Flat Truths and Floral Patterns
Paul Ranson painted Picking Flowers because he was bored with the way art tried to lie to people. In 1890 the French art world was still obsessed with depth and perspective. Ranson and his circle of friends had other ideas. They called themselves the Nabis and they met in the studio of Ranson which they called The Temple. They were looking for a new way to see the world that did not involve pretending a flat canvas was a window.

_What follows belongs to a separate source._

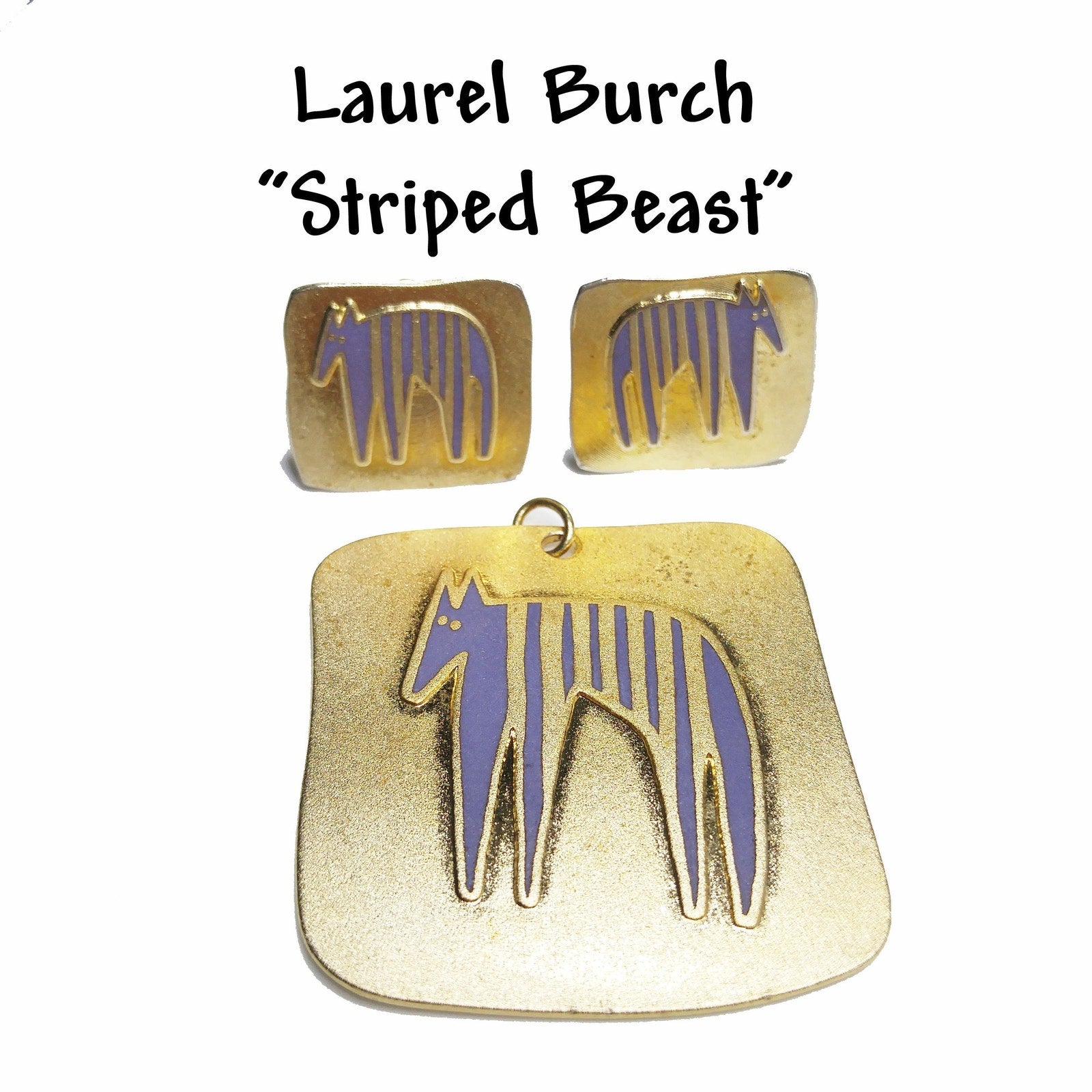 *Description: This is a great jewelry set by Laurel Burch from the 1980s. The design is entitled "Striped Beast" and is cloisonne enamel in purple on a brass background. Both the earrings and pendant have the purple striped beast and are signed on the back with the design title and designers signature engraved. This is a very unique set and would be a great vintage gift or a wonderful addition to your Laurel Burch jewelry collection.

This work is the sound of a hammer hitting a mirror. Ranson looked at Japanese woodblock prints and saw the future. He stripped away the traditional modeling that made bodies look heavy. There are no shadows here to help you find your way around the figures. Everything is flat and decorative. The patterns of the dresses and the flowers bleed into each other until the whole thing feels like a tapestry or a high-end wallpaper.
He was bridging a gap that most people did not even know existed yet. He was taking fine art and pushing it toward modern design. He understood that a painting could be beautiful just by existing as a series of shapes and colors on a surface. It did not need to be a lecture on anatomy. Ranson died in 1909 but this piece remains a witness to the moment when art stopped trying to be a photograph and started trying to be a vibe.
References
Frèches-Thory, Claire and Antoine Terrasse. The Nabis: Bonnard, Vuillard, and Their Circle. New York: Harry N. Abrams, 1991.
Kostenevich, Albert. French Art from the Middle of the Nineteenth to the Early Twentieth Century in the Hermitage Museum. Florence: Bonechi, 2008.